Despite the public rebuttal from the football club, insisting that “the club is in the best possible hands”, performances of the team in the last few years have been not good enough and led to a humiliating relegation, equalling the record low points tally for a Championship club. It would seem Mr. Belokon’s concerns were well-founded. Since the open letters from both sides last July, there have been further public spats and the most recent has seen Mr. Belokon being blamed for being unable to enter into discussions over the sale of the club to an unnamed third party.

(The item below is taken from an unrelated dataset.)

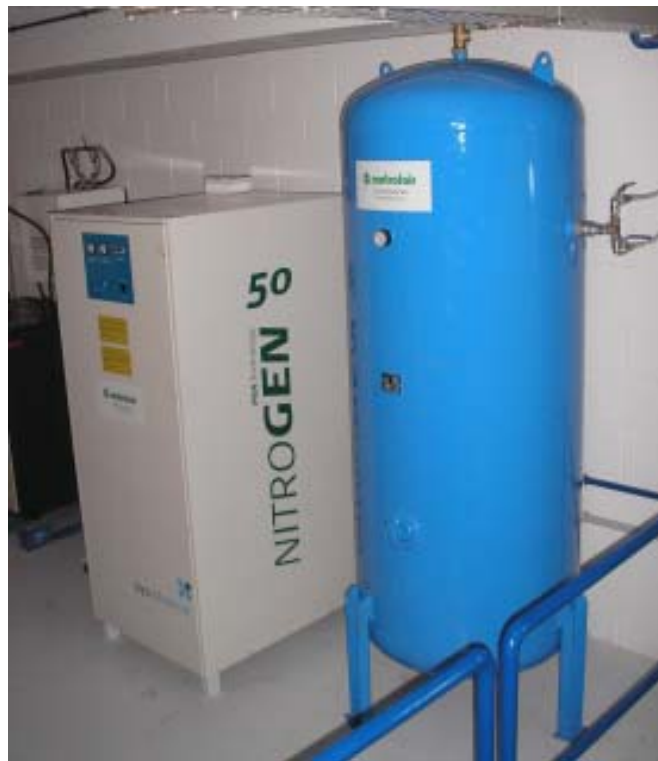
(Instalación de Elson Electrónica)

A club statement released on 27 May 2015 stated that “as a result of the failure to engage in meaningful discussions and gain the support of all directors and shareholders, the Board has come to the view that it would be impractical to continue any further negotiations with the third party bidder.” Segesta Limited, owned 97% by the Oyston family, owns 76.3% of the share capital of Blackpool Football Club Limited which would suggest that Mr. Belokon’s approval to sell Segesta Limited’s shares is not required.

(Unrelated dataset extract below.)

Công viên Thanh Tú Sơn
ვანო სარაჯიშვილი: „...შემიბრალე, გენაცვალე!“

However, the club statement said that “This makes it exceptionally difficult for the Board to engage in any collective decision making, as demonstrated by the inability of the Board to progress this third party offer.” With this in mind, it is concerning that the club is not in a position to be able to take decisions with disagreements in the boardroom. If the Oyston family are unable to establish a healthy working relationship with Mr. Belokon, then it would perhaps be best for all concerned for them to move aside and allow someone else to work with Mr. Belokon for the good of the club.

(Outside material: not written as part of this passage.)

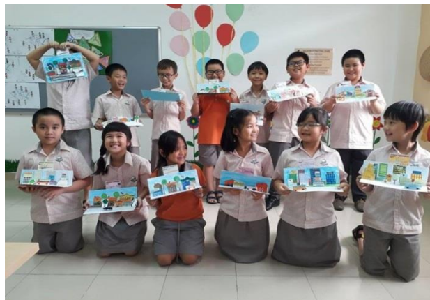
Ảnh dưới: Lớp 3G với những tác phẩm của mình

Strong return on investment

The form of the bid represents a strong return on investment for the Oyston family from the initial purchase price and amount of prior loans converted to equity. On top of the bid value in excess of £16m, the Oyston family have also benefitted from an £11m sum paid to their company Zabaxe Limited in 2010-11.

Given the likelihood of future losses without additional investment, the ability to exit the business at this point in time with such a cash positive outcome despite the company’s poor future prospects offers the Oyston family a big opportunity. Delaying any sale is only likely to diminish the potential returns and so a sale to BST presents a logical exit strategy.